Alberto Fraccacreta scrive poesie che inneggiano alla gioia del soul e del rhythm & blues
Il canto esistenziale di Sam Cooke, l’uomo che è universalmente riconosciuto come l’inventore del soul, risuona nel nuovo libro di versi di Alberto Fraccacreta (Jesus Give Me Water.

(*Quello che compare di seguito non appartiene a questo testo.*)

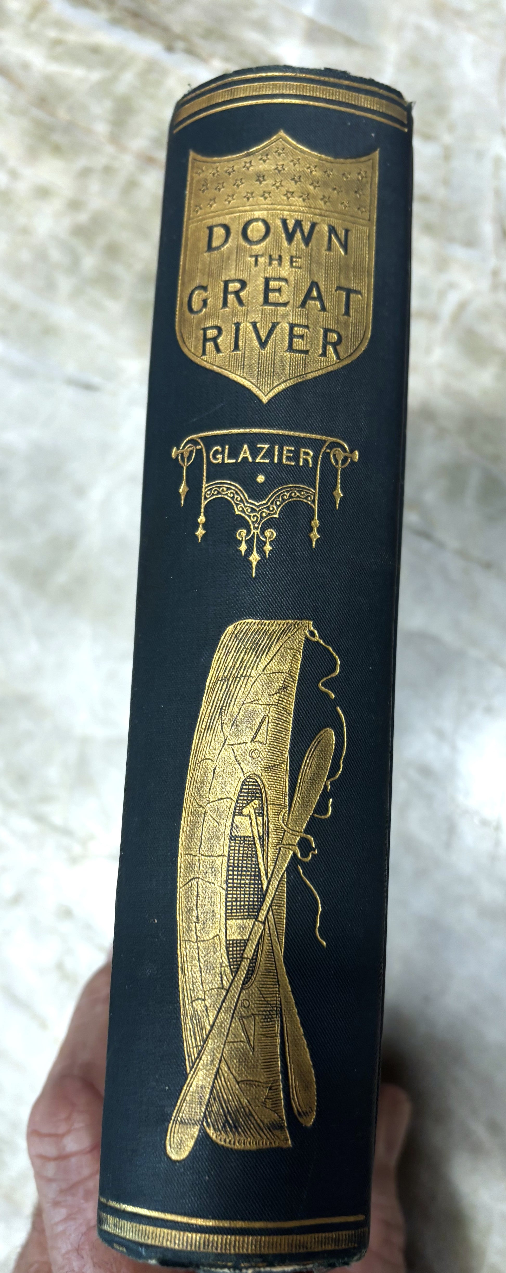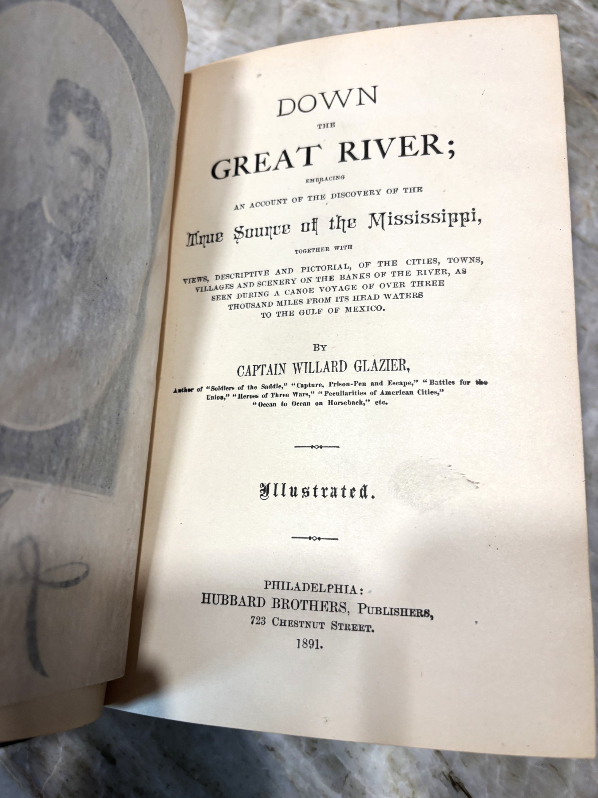 From the Book Hoard: We were unsure as to whether to keep or offer this volume for sale. First, it's scarcer than hens teeth (or hair on my head). Second is that the map is so absolutely unique the way it is made in two parts and then folded to sit inside the book. And the story (which some have derided as part fiction) is a well and beautifully told tale. If it's true, or partly true, or just imagination doesn't bother me. The Mississippi River does exist; does captivate and stimulate both sight and sound. Then, we found two more copies; both in better shape than the first one. So, for the moment, all 3 are for sale

Una vita esteriore e interiore liberamente ispirata a Sam Cooke, Interno Libri Editore, 92 pp.), che ripercorre la stagione di gloria di questo grande personaggio morto alla precoce età di trentatré anni a causa di un colpo di pistola sparato in circostanze mai chiarite.
Composto da trentatré liriche per trentatré versi ciascuna, il libro di Fraccacreta, nel seguire i titoli dei pezzi più importanti di Cooke, non è altro che un inno alla gioia, una gioia che si fa strada attraverso l’amore per il blues e per quegli strati marginali della popolazione afroamericana che era solito cantarlo quotidianamente, anche quando “infuria l’uragano sui quartieri di latta / quando lampeggiano, lampeggiano a Deer Creek / onde tumultuose e tu sei agli inizi, / un’allodola di prato, / agli inizi del margarita e dello sherry”.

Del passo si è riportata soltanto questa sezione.